Drive a new convertible? Chances are good then that you are an affluent baby boomer with at least a bachelor's degree. Oh, and your ragtop of choice is probably a Ford Mustang - which you park in the driveway of your million-dollar-plus home.
That's according a recent trends analysis conducted and released Tuesday by Experian Automotive, a data research company located in Schaumburg, Ill. It found that 50 per cent of all American convertible buyers have at least a bachelor's degree, compared to 38.2 per cent of average new car buyers.
The analysis, profiling buying habits from the first quarter of 2014, revealed that 19 per cent of convertible consumers had an average household income greater than $175,000 (all figures U.S.) and 11.7 per cent owned a home worth more than $1 million. Only 10.7 per cent of average new car buyers had a household income that rich and only 4.4 per cent owned a house that valuable.
Not surprisingly, the top three states for registration of convertibles in the first quarter of the year were in the south: California (13.4 per cent), Florida (9.6 per cent) and Texas (7 per cent).

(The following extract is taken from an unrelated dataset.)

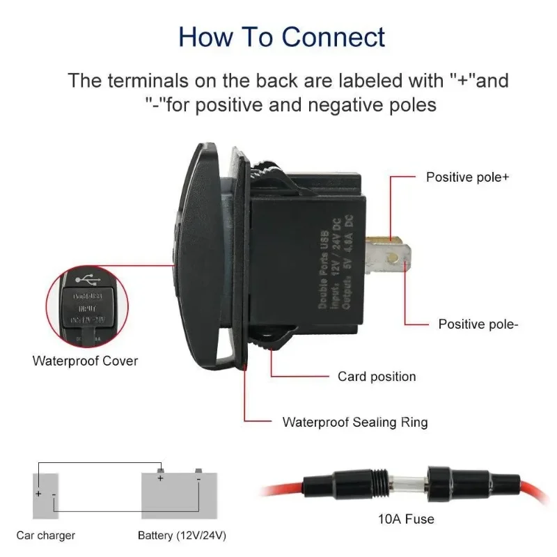 4.8A High-Current Mini Car Charger with Rocker Switch, Dual USB Port Fast Charging Adapter, Compact Design for Car/Truck/RV

The Ford Mustang was "the convertible vehicle model of choice across all 50 states," according to Experian, followed by the Chrysler Sebring, Mazda MX-5, BMW 3-Series and the Chevrolet Corvette.
- 72 per cent of consumers buying a convertible were older that 45, compared to 60 per cent of average new car buyers
- 52 per cent did not have a child living with them, compared to 42 per cent of average new car buyers
- There were 4.5 million convertibles on American roads in the first quarter, accounting for 1.8 per cent of the U.S. automotive market.